# Best East Coast Resort



## basser (Sep 18, 2015)

I'm thinking of doing a little road trip with a couple of my buddies and wondering what are the best mountains to hit on the east coast. I'm based in Ontario so I don't want to go too far. 

Right now I'm thinking Tremblant for a couple days, then drive to Vermont and hit up Jay Peak.


----------



## kalev (Dec 17, 2013)

Not sure what you're specifically looking for, but I'd recommend hitting the Eastern Townships in Quebec (Sutton, Bromont, etc.) and then head to Jay Peak. Sutton on a powder day is unreal.

Start practicing your French


----------



## basser (Sep 18, 2015)

kalev said:


> Not sure what you're specifically looking for, but I'd recommend hitting the Eastern Townships in Quebec (Sutton, Bromont, etc.) and then head to Jay Peak. Sutton on a powder day is unreal.
> 
> Start practicing your French


I was just looking for suggestions of good mountains within driving distance of Ontario. Sutton sounds fun, how does it compare to tremblant?


----------



## SnowDragon (Apr 23, 2012)

basser said:


> I was just looking for suggestions of good mountains within driving distance of Ontario. Sutton sounds fun, how does it compare to tremblant?


You'll have to define "within driving distance of Ontario".
Windsor?
Ottawa?
Somewhere in between?
And how long/far are you willing to drive?

Tremblant and Jay Peak I believe are the closest to Ontario on the east side.
Le Massif and Mont Ste. Anne are terrific if you're willing to drive to Quebec City.


----------



## Jkb818 (Sep 28, 2019)

Jay Peak was one of my favorites when i lived in the northeast.


----------



## basser (Sep 18, 2015)

SnowDragon said:


> You'll have to define "within driving distance of Ontario".
> Windsor?
> Ottawa?
> Somewhere in between?
> ...


From Mid-Southwestern Ontario. Ideally I want the drive to take under 12 hours. So far planning to hit up Tremblant or Sutton for a couple days, then drive to Jay Peak which is pretty close from there.


----------



## basser (Sep 18, 2015)

Jkb818 said:


> Jay Peak was one of my favorites when i lived in the northeast.


Yeah I keep hearing Jay Peak is the 'biggest/best' mountain of the east. Definitely want to check it out


----------



## kalev (Dec 17, 2013)

basser said:


> I was just looking for suggestions of good mountains within driving distance of Ontario. Sutton sounds fun, how does it compare to tremblant?

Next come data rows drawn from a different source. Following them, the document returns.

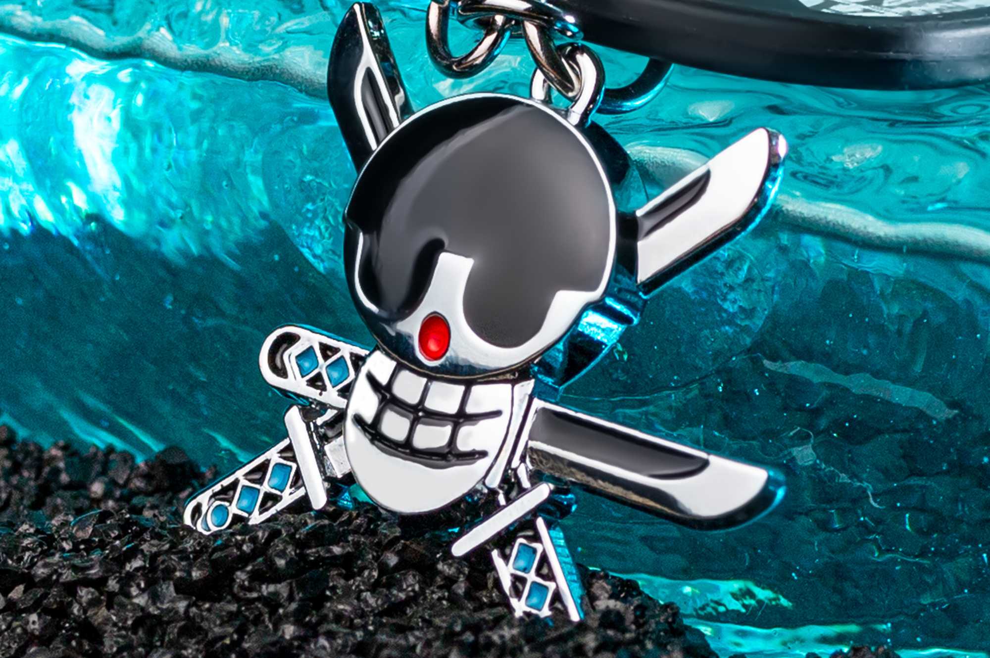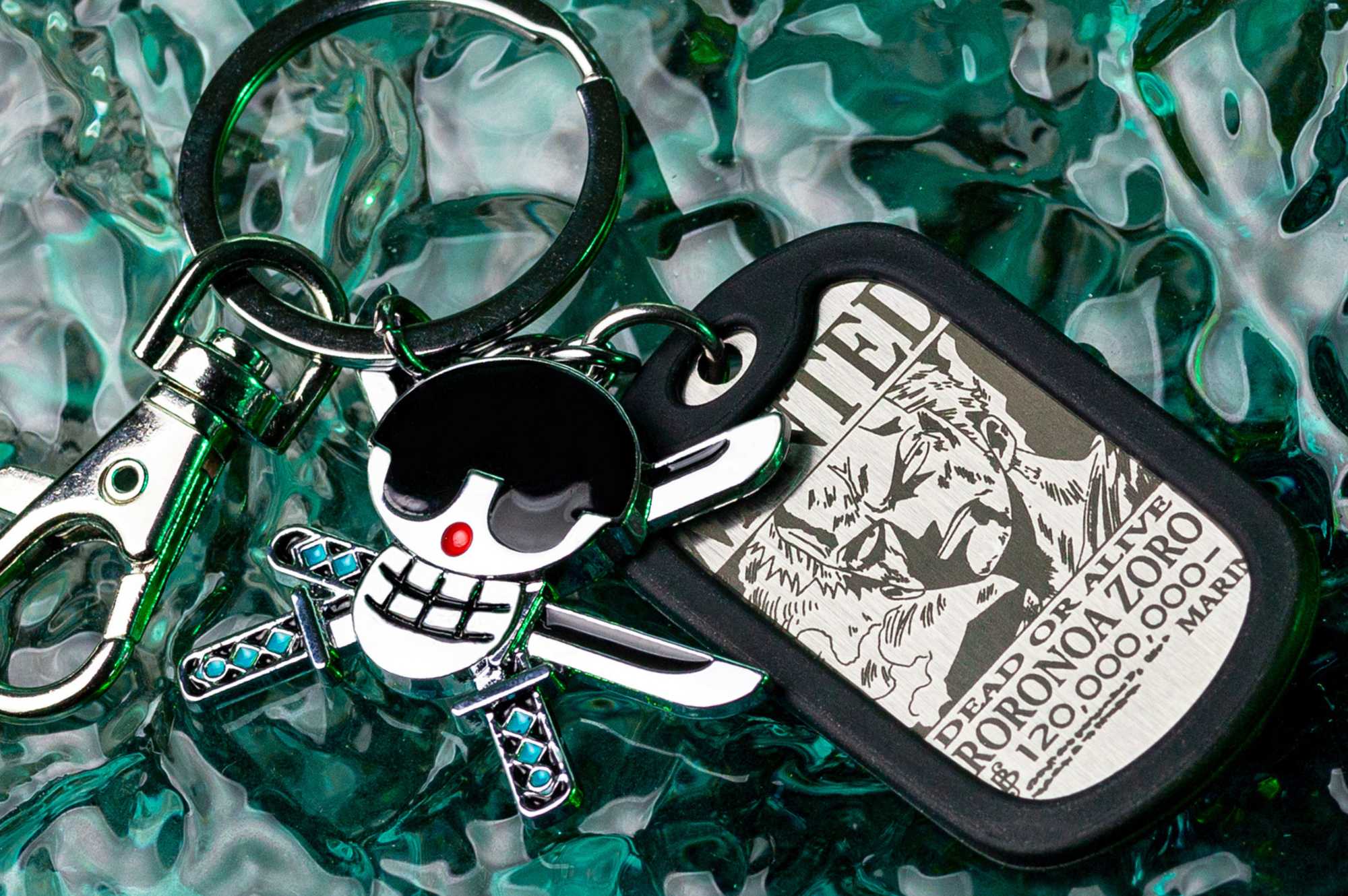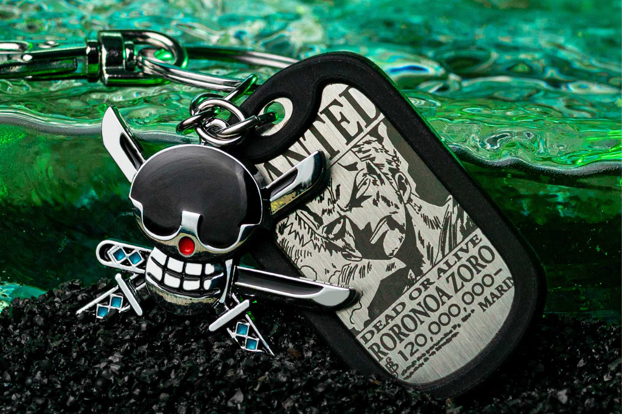 Crafted to capture the thrill of Roronoa Zoro's journey, this keychain flaunts his latest and previous bounties, etched into a sleek metal dog tag with Zoro's signature Jolly Roger Charm.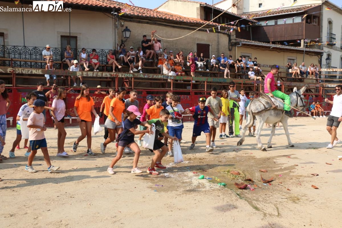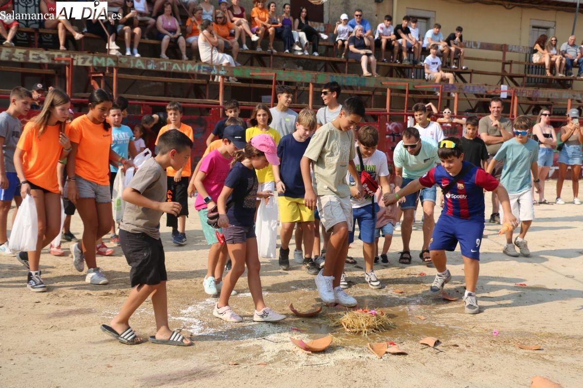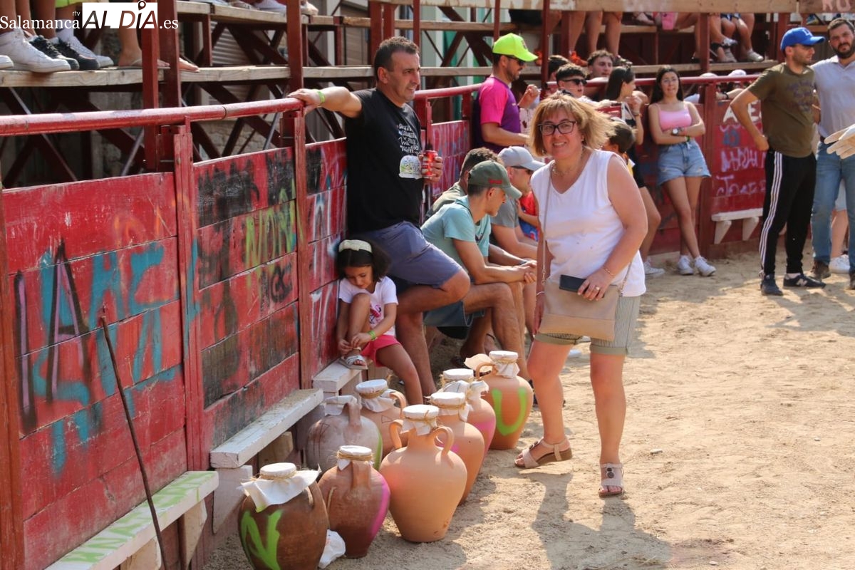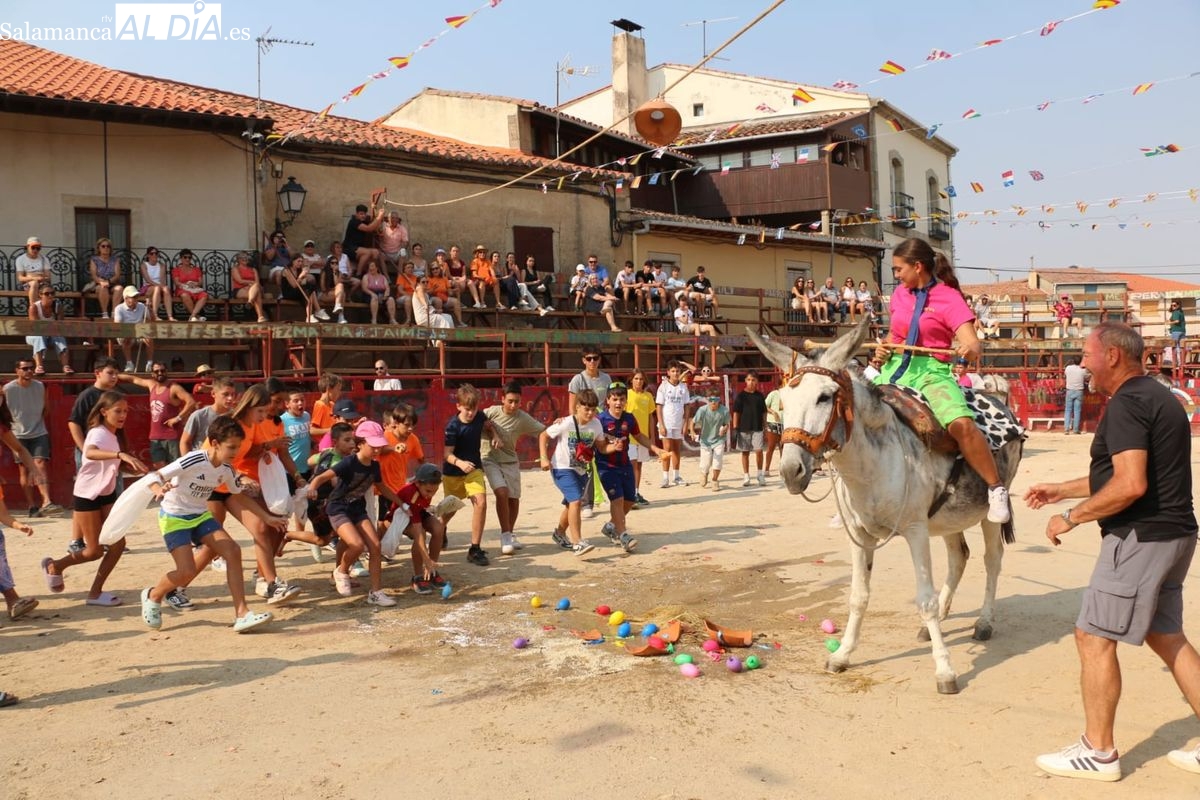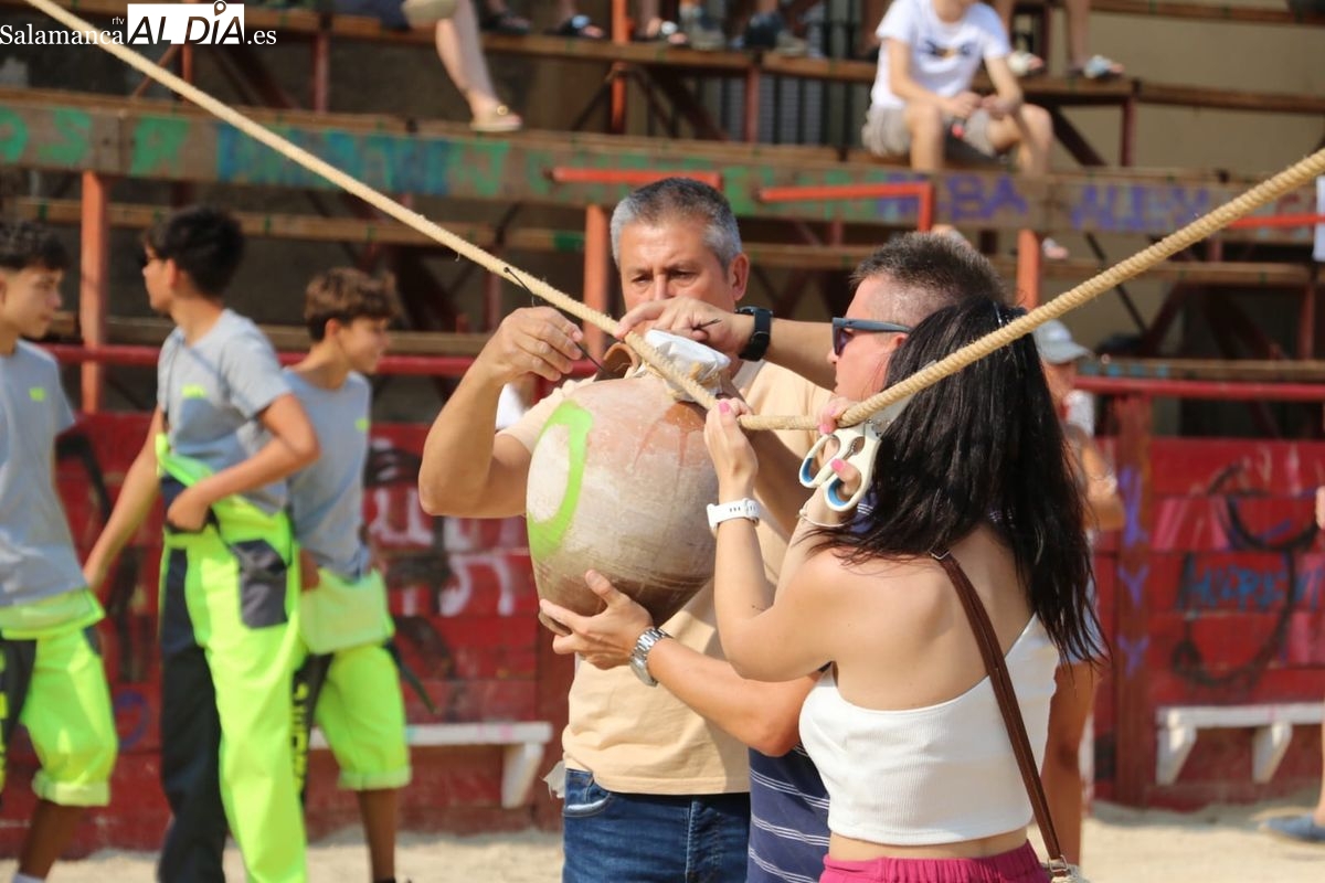 En esta tarde de quintos, este año ya metida en plenas Fiestas del Toro, los jóvenes se montaron a lomos de tres burros para protagonizar la tradicional cogida de cintas y rotura de cántaros, y descubrir así las sorpresas de su interior, todo ello ante la expectación de decenas de niños y niñas que aguardaban ansiosos por hacer acopio de lo que guardaban en su interior, aunque no solo de chucherías o caramelos estaban llenos, pues ante las risas del público aparecían también otras ‘lindezas’ menos agradables.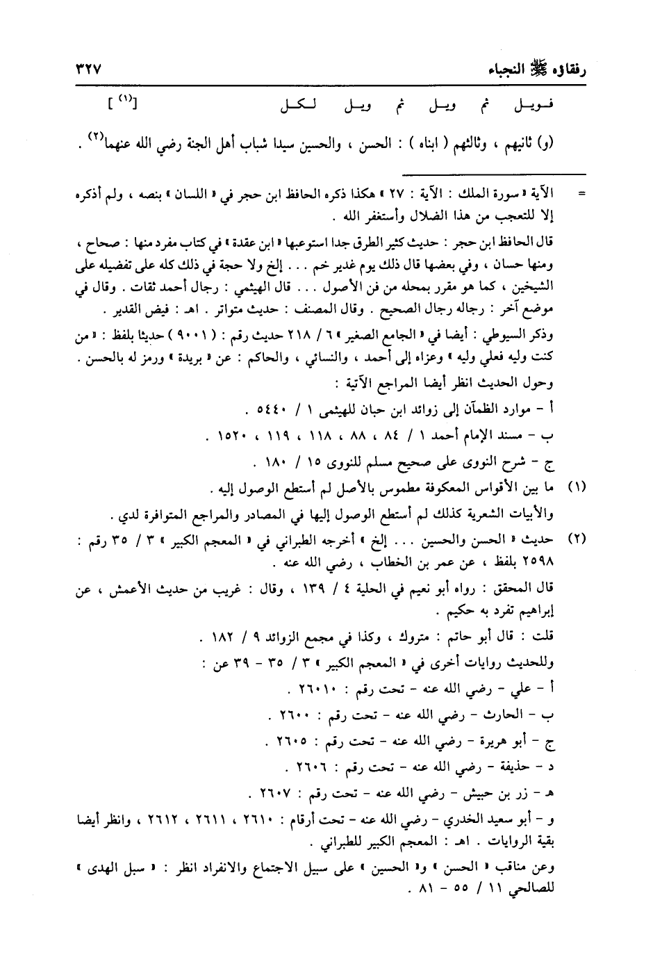 - الاية «سورة الملك: الاية: 27» هكذا ذكره الحافظ ابن حجر في «اللسان» بنصه، ولم أذكره إلا للتعجب من هذا الضلال وأستغفر الله. قال الحافظ ابن حجر: حديث كثير الطرق جدا استوعبها «ابن عقدة» في كتاب مفرد منها: صحاح، ومنها حسان، وفي بعضها قال ذلك يوم غدير خم ... إلخ ولا حجة في ذلك كله على تفضيله على الشيخين، كما هو مقرر بمحله من فن الأصول ... قال الهيثمي: رجال أحمد ثقات. وقال في موضع آخر: رجاله رجال الصحيح. وقال المصنف: حديث متواتر. اه: فيض القدير. وذكر السيوطي: أيضا في «الجامع الصغير» 6/ 218 حديث رقم: (9001) حديثا بلفظ: «من كنت وليه فعلي وليه» وعزاه إلى أحمد، والنسائي، والحاكم: عن «بريدة» ورمز له بالحسن. وحول الحديث انظر أيضا المراجع الاتية: أ- موارد الظمان إلى زوائد ابن حبان للهيثمى 1/ 5440. ب- مسند الإمام أحمد 1/ 84، 88، 118، 119، 1520. ج- شرح النووى على صحيح مسلم للنووى 15/ 180.

I haven't been to Tremblant since I was a kid, so there's probably people who can speak to it better than I can

But Tremblant is basically the Whistler of Eastern Canada. Lots of vertical, good grooming/ snow-making, lots of hotels, spas, bars / restaurants, - aka lots to see and do. This also means that it's expensive and probably crowded (depending on the weather and time of year). Depending on where you're coming from, Tremblant is pretty out of the way if you're heading to JP. 

Sutton on the other hand, is a much smaller / scaled back type resort. Less grooming / snow-making, so if it's a low snow year, or it hasn't snowed in a while, it could be icy moguls everywhere. BUT if you hit it on a good snow year or a storm cycle, it's all about riding powder in the trees, with almost 0 lift lines and a super laid back vibe / atmosphere. Pretty much the closest thing to riding out West / interior BC, East of the Rockies. 

So it depends on what you're looking for, and of course the timing / snow. Personally Sutton > Tremblant any day, but that's me. 

Either way, you'll be in for a great trip!


----------



## dannyboy617 (Nov 10, 2017)

basser said:


> Yeah I keep hearing Jay Peak is the 'biggest/best' mountain of the east. Definitely want to check it out


They get the most snow in the NE. Poor lift infrastructure imo. Summit access is very prone to wind delays/closures.

Great glades, out of bounds terrain.


----------



## basser (Sep 18, 2015)

dannyboy617 said:


> They get the most snow in the NE. Poor lift infrastructure imo. Summit access is very prone to wind delays/closures.
> 
> Great glades, out of bounds terrain.


not looking to hit up back country because I'm not knowledgable enough yet. How is the in-bounds?


----------



## drblast (Feb 28, 2017)

basser said:


> not looking to hit up back country because I'm not knowledgable enough yet. How is the in-bounds?


If you're not doing the glades at Jay you're missing a huge part of the draw. They're still in-bounds, and the trees are further apart than at most other places making going through them fairly easy.


----------



## basser (Sep 18, 2015)

drblast said:


> If you're not doing the glades at Jay you're missing a huge part of the draw. They're still in-bounds, and the trees are further apart than at most other places making going through them fairly easy.


Ya of course, I just don't want to go anywhere off map//somewhere that you need back country knowledge


----------



## drblast (Feb 28, 2017)

basser said:


> Ya of course, I just don't want to go anywhere off map//somewhere that you need back country knowledge


Oh well then definitely check Jay out. It's an in-bounds easy backcountry-like experience that's still patrolled.


----------